On Tuesday local time, the Seattle City Council will vote on a one-year moratorium on new data center projects. The proposal comes as several companies, including major tech companies including Amazon, submitted plans to build five large data centers in the city just two months ago. Currently, one of the strongest supporters of this moratorium is current employees from Amazon, Seattle’s largest technology company, who attended the hearing with other citizens last week to testify and express support for the proposal.

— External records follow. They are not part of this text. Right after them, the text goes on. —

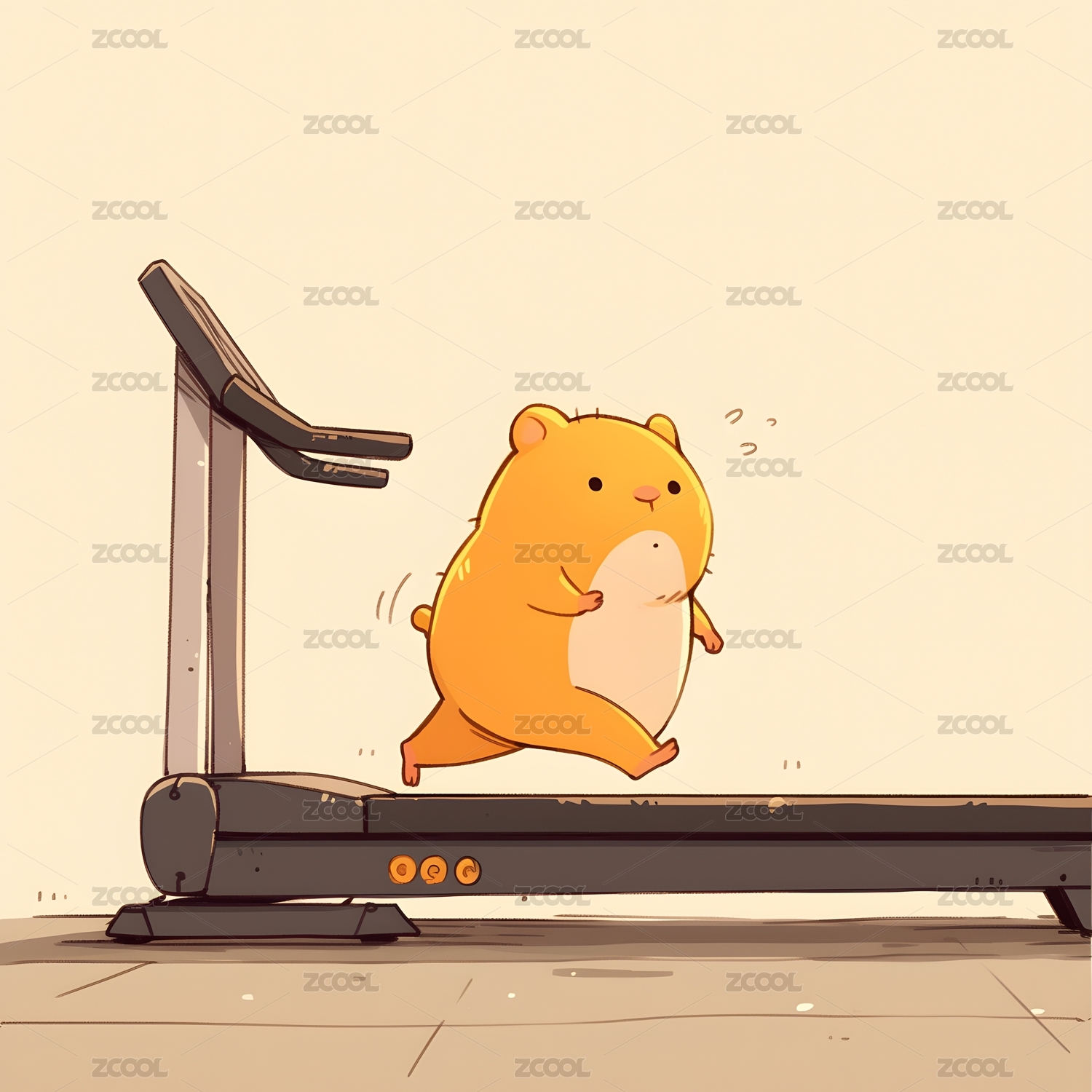 简约线条矢量风格仓鼠在跑步机上运动插画
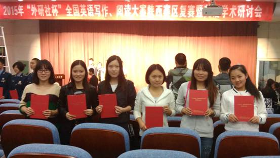 2015年10月23至24日,由外语教学与研究出版社主办,陕西高等学校大学外语教学研究会和西安工程大学承办的2015“外研社杯”全国英语写作大赛暨阅读大赛陕西赛区复赛在西安工程大学临潼校区举行。我校外语系彭香、赵银红荣获写作大赛二等奖,教科系腾博获得写作大赛三等奖。外语系肖卿、肖丽,教科系陈翠翠等三人获得阅读大赛三等奖。
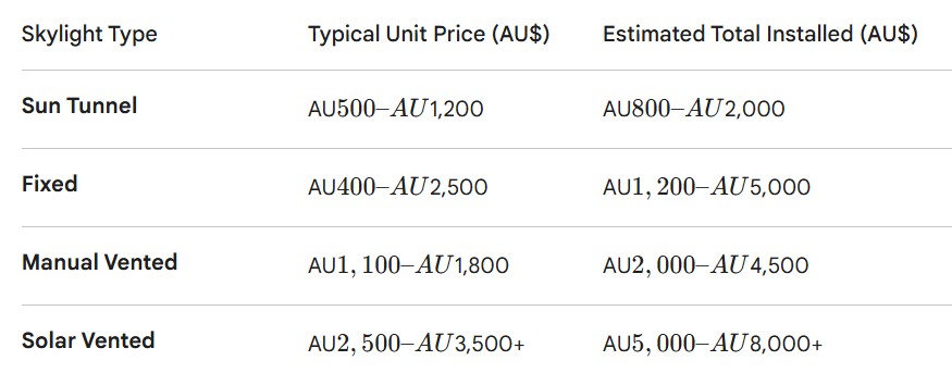 - Market Value: Real estate experts suggest a well-placed skylight can add between AU$10,000 and AU$15,000 to the perceived value of a home by enhancing the "indoor-outdoor" flow.
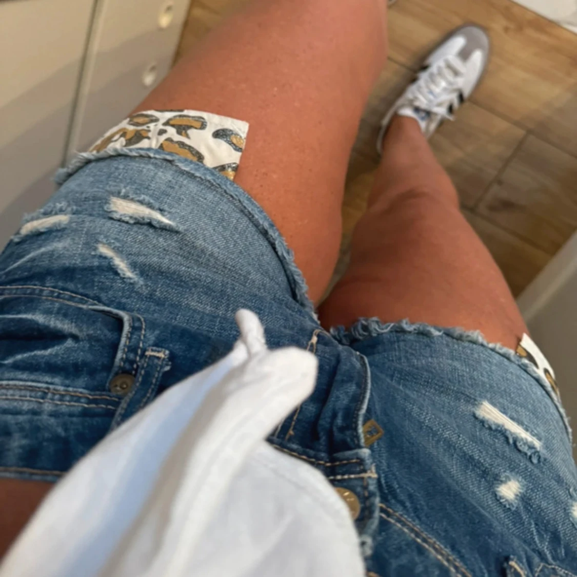 Säljer dessa jätte snygga jeans shortsen med leopard fickor pga att de är för stora för mig. Köpte dem på Sellpy, men är i som gott som nyskick. Bilderna är inte mina utan henne jag köpte dem av, kp för fler bilder!!
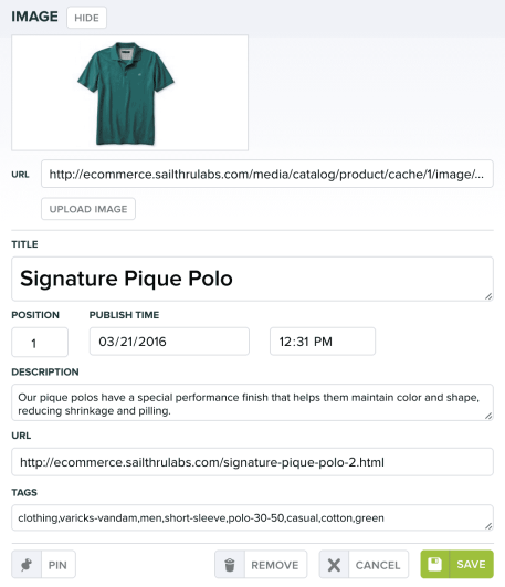 "Position" is an editable field allowing you to change the position of the item within the feed. Changing this number has the same effect as dragging and dropping the item in the main feed view. To replace the current image or add an image, if none is present, click Upload Image. The image file is added to your Image Library and the image URL field is automatically populated with the new media.sailthru.com URL. If any additional fields are present in the feed or you want to add others, they can be accessed below the primary fields by clicking the Show Custom Fields button.

Across the United States, large-scale data center projects have been triggering protests recently due to issues such as huge water consumption, potential to push up local electricity prices, and equipment operation noise. Seattle and King County, where it is located, are also facing the same controversy. If the city council votes to adopt this moratorium on June 9, applications for new large-scale data center projects in Seattle will be shelved in the next year. The city council plans to use the year to research and develop legislation to "take back power" both figuratively and literally.

At two previous City Council hearings, local residents — including engineers, software developers and others in the tech industry — mostly spoke in support of the moratorium. Lesl Wigand, a senior software engineer at Amazon, said at a hearing of the City Council’s Land Use and Sustainability Committee last Wednesday that he has personally seen the consequences of “unlimited expansion of AI construction” in his own work. She pointed out that there is currently a common concept in the technology industry that all problems should be solved through artificial intelligence, but ignores the huge resource costs behind this process, and this culture is "ubiquitous" in the entire technology industry.

Wigand is also a member of Amazon Employees for Climate Justice, an organization composed of current and former Amazon employees who focus on and promote corporate responses to the climate crisis. Last year, more than a thousand Amazon employees signed an open letter accusing the company of "abandoning its stated climate goals" to develop its AI business. In their letter, they call on Amazon to commit to using 100% additional, local renewable energy to power all of its data centers to reduce the impact on the local environment and energy systems.